My heart is breaking over Gaza.
I see the devastation, the families torn apart, the children’s faces — and the grief is unbearable. The violence is not mine, and yet in some deep way it is.
As a woman with Native American blood, the stories of settlers and stolen land awaken something ancient in me. My ancestral memory stirs. It knows displacement. It knows erasure. It knows the weight of survival in a world built on someone else’s taking.
And there’s a truth that sits heavy in my chest.
Every time I show up for work and earn my living, I know a portion of that income will be taken in taxes — and those taxes are helping to fund bombs that take lives. This reality is woven so deeply into the fabric of our systems that it feels impossible to separate from it, impossible to untangle myself from the harm.
It’s a heavy knowing to carry, to realize that even in the safety of my own home, even in the joy of sharing a meal, I am still inextricably connected to the machinery of harm. I feel the guilt when I walk through a grocery store, when I laugh with friends over dinner, when I hold my loved ones close.
Yoga teaches me to regulate my nervous system, to ground, to breathe, to be present. And yet the undercurrent of grief remains. It hums beneath every inhale. It curls itself around the edges of my joy.
Each day I sit with it. I pray with it.
I chant Lokah Samastah Sukhino Bhavantu again and again, not because I believe it will stop the bombs, but because I believe intention has weight. That sending love into the collective field matters. That small ripples can one day turn the tide.

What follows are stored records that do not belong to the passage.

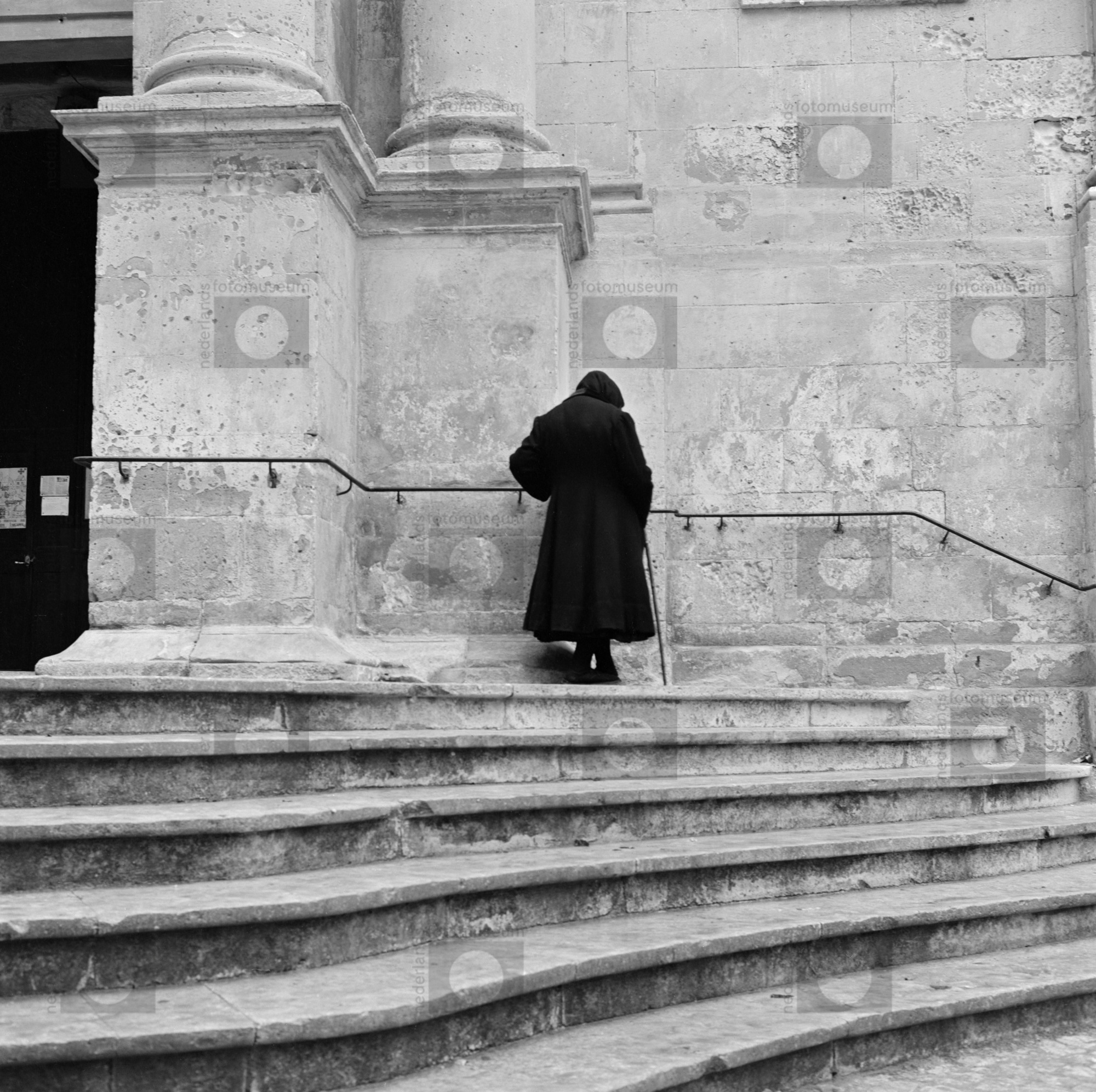 Vrouw in rouwdracht met poffer-muts, Brabant (1950-1...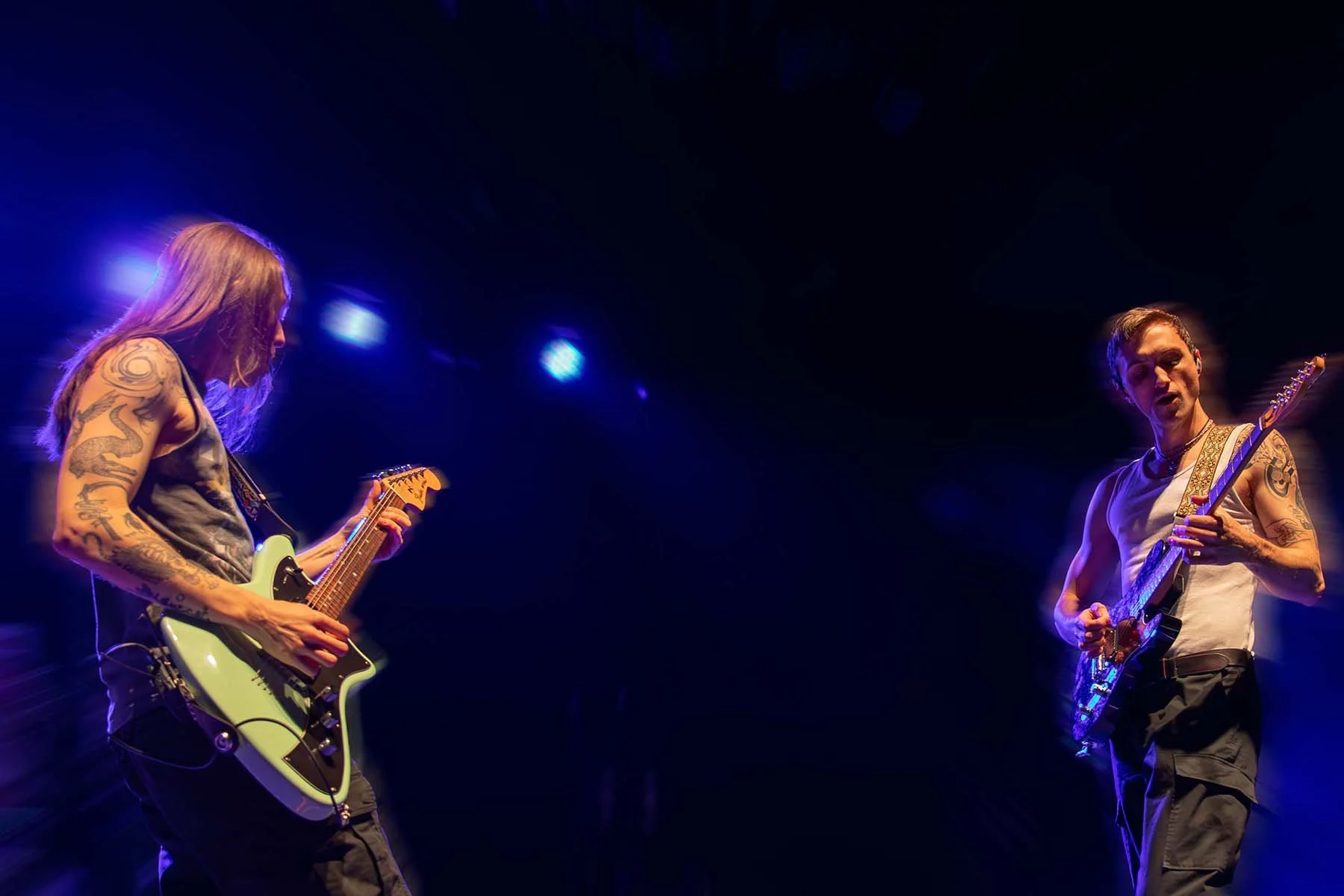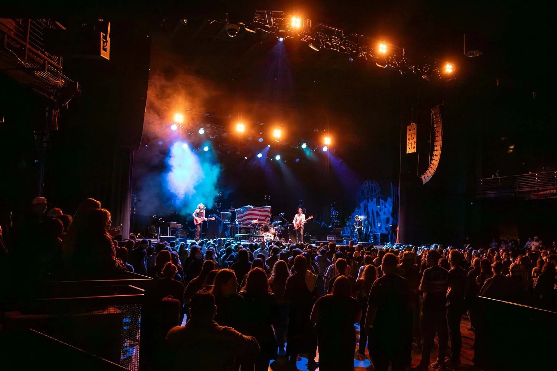Milwaukee got its first official Live Nation owned venue earlier this year, and its name is Landmark Credit Union Live. It’s located conveniently and maybe not so conveniently during busy months, right between Fiserv Forum and Turner Hall in Downtown Milwaukee. This was my first time stepping inside of it and getting to adventure into new venues as a concert photographer is always exciting. There were some bumps as far as obtaining my photo pass and getting through security, but it’s still very new, so I imagined there would be some hiccups from the get-go. Once inside and able to take it all in, it is very reminiscent, if not identical, to The Sylvee in Madison. There is a general pit standing area just a couple of steps down from the main floor, which is surrounded by bars on all sides. The lower step down is a great separation of those who want to maybe mosh and those who just want the center view without the anticipation of what comes with pit etiquette. I’m honestly here for it because sometimes I want the great view without the shoving. Then there is balcony seating. I was not granted any permission up there, so maybe another time. Overall, it’s a pretty cool place, very modern in comparison to some of the older venues in the area.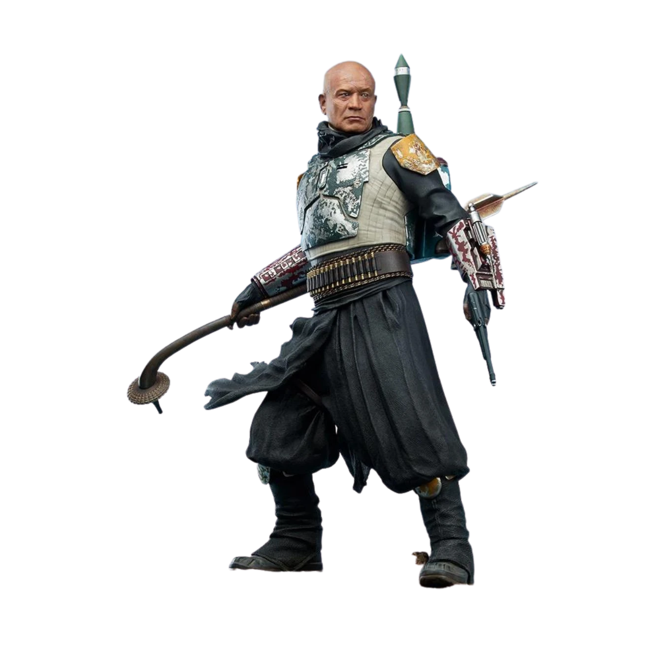 in “Chapter 14: The Tragedy.” The Boba Fett Premium Format Figure measures 22.38” tall and 15” wide, standing on a rocky Tython™ base, the site of the battle against Moff Gideon’s™ Imperial forces. With his armor donned and weapons in hand, Boba Fett fights with honor and intensity to uphold his end of the deal with Din Djarin™.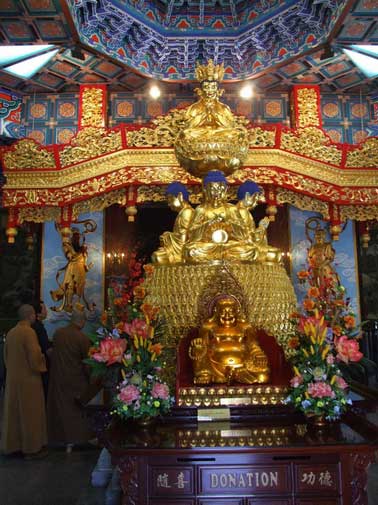 占地十二万平方尺的西方寺1962年购地,1970年动工兴建,1973年落成。仿中国宫殿式建筑,楼高二层,顶盖黄色琉璃瓦,巍峨雄伟, 庄严壮丽。上层大雄宝殿,供奉西方三圣,左右辅以文殊和大行普贤菩萨,最左供大慈大悲观世音菩萨,皆名家木刻法相,外配以飞檐雕花精致佛龛。殿内墙壁镶嵌大理石,刻龙天花板,雕梁画栋,琳琅满目,瑰丽堂皇。两侧供十八罗汉石拓圣像,栩栩如生;又供奉明朝古观音菩萨造像精美,为中国最大型景泰蓝观音像,甚为稀有。楼下弥勒殿,供奉大肚弥勒菩萨,法相庄严,慈心广大,笑口常开,问讯顶礼,皆大欢喜。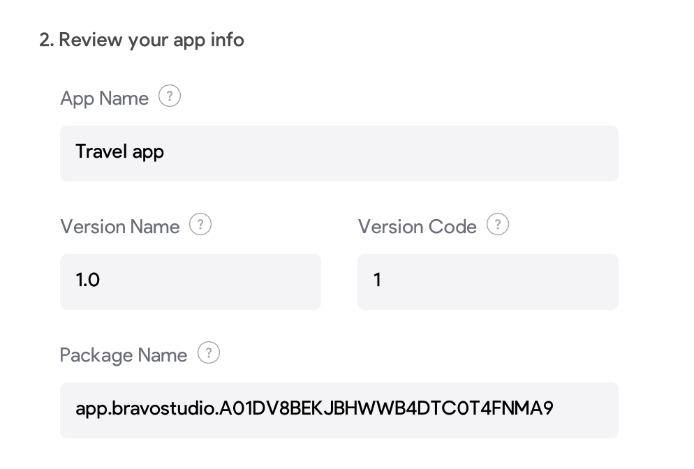 4. For step 2, change the App Name if you'd like. We recommend keeping the default Version Name, Version Code, and Package Name unless you know how to configure them.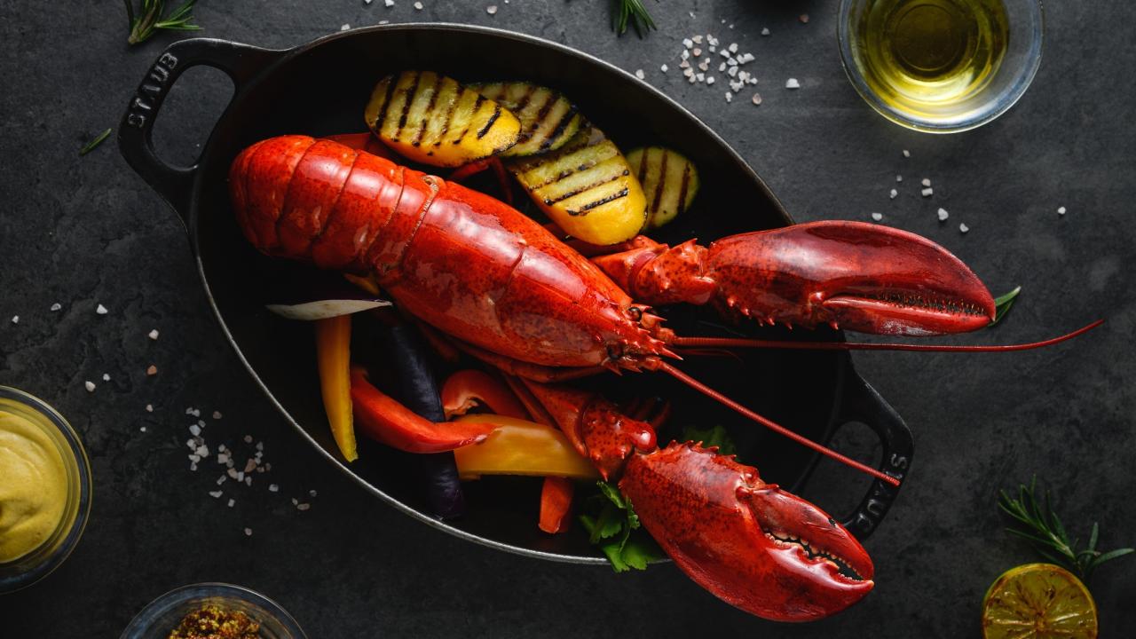 Wallpaper Large lobster with vegetables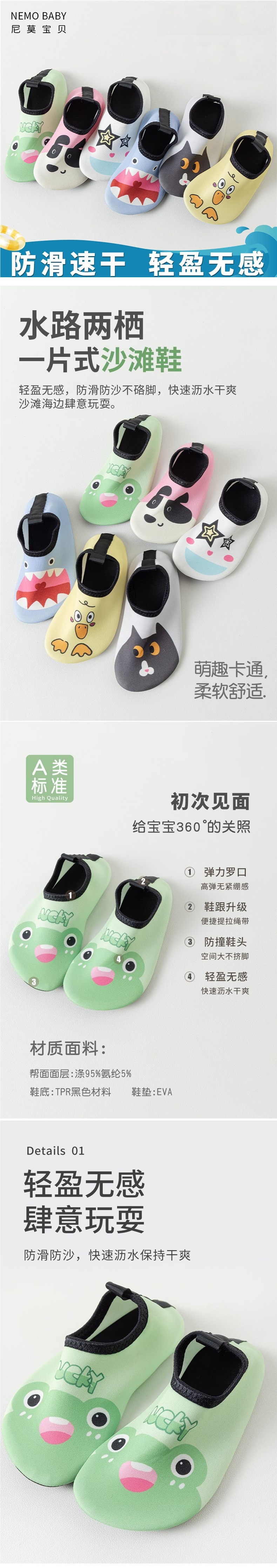 Детские пляжные обувь и носки Nemobaby, мультяшные для мальчиков и девочек, для снорклинга, обувь для быстрого высыхания, нескользящие плавательные туфли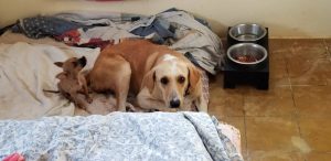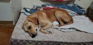 In Julianadorp liep een hoogzwanger beige hond rond. Ze was al door verschillende mensen gezien en door 1 gemeld. Toen ik bij foster Bianca de pups ging halen, vertelde ze dat haar over buren een zwangere hond net van straat hadden gehaald. Dat was dus Julie. Ik heb Julie meteen naar de dierenarts gebracht en dezelfde dag is ze gesteriliseerd. Ze heeft daarna een paar weken bij Mijn zusje gelogeerd waar ze alle aandacht kreeg en helemaal bij kon komen.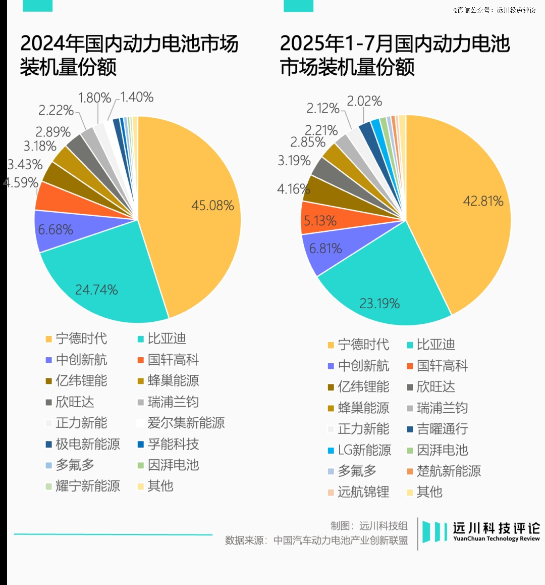 2019年至今,国内动力电池装车量翻了8倍有余,宁德时代和比亚迪组成的“头部两家”,市场份额稳定在70%左右,其余厂家在30%的生存空间里,演绎着残酷的丛林法则。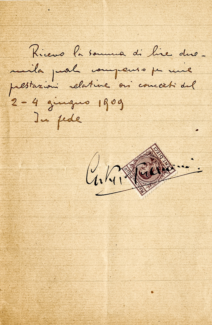 Manoscritto a inchiostro nero con marca da bollo. SI AGGIUNGONO: 4 ricevute di pagamento di musicisti che hanno prestato servizio nel concerto di Toscanini, insieme a 2 carte che contengono le spese complessive per i concerti di Toscanini. Datati 1909.(7)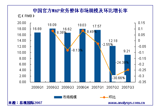 易觀(guān)國(guó)際研究表明,2007年第3季度中國(guó)官方WAP市場(chǎng)規(guī)模達(dá)到9.21億人民幣,同比下降44.57%。中國(guó)移動(dòng)WAP頁(yè)面“資費(fèi)提醒”政策對(duì)市場(chǎng)的影響已得到控制,與2季度WAP市場(chǎng)規(guī)模逐月遞減現(xiàn)象相比,2007年7月、8月、9月WAP市場(chǎng)規(guī)模呈現(xiàn)穩(wěn)步增長(zhǎng)趨勢(shì)。中國(guó)聯(lián)通WAP市場(chǎng)規(guī)模為1.065億元,同比下降47.55%,自中國(guó)聯(lián)通四月份改實(shí)收結(jié)算后,信息費(fèi)一直呈現(xiàn)下降趨勢(shì)。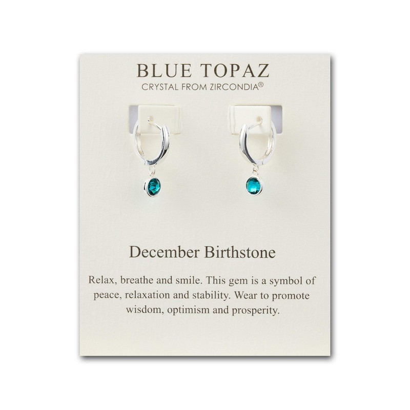 - Made with Trust. December Birthstone Hoop Earrings Created with Blue Topaz Zircondia Crystals by Philip Jones. Buy with confidence with our 12-month manufacturer warranty and 30-day money back guarantee if you are not 100% happy with your Earrings.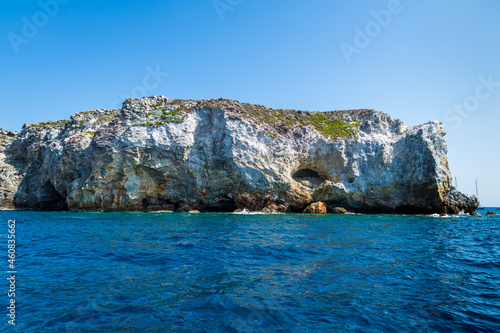 © Giongi63, Fototapeta premium Panarea island (Aeolian archipelago), Lipari, Messina, Sicily, Italy: view of the rocky coast of "Lisca Bianca" island.

This is the struggle — to keep my heart open when it would be easier to close. To let my yoga not just be about flexibility or calm, but about holding space for the unbearable. About remembering that we are all connected, that no suffering is separate from my own.
I don’t have answers.
Only my practice.
My desire to resist.
Only this vow: to keep showing up for the world, one breath, one chant, one offering at a time.
Lokah Samastah Sukhino Bhavantu.
May all beings be happy and free.
And may my thoughts, words, and actions in some way contribute to that freedom for all.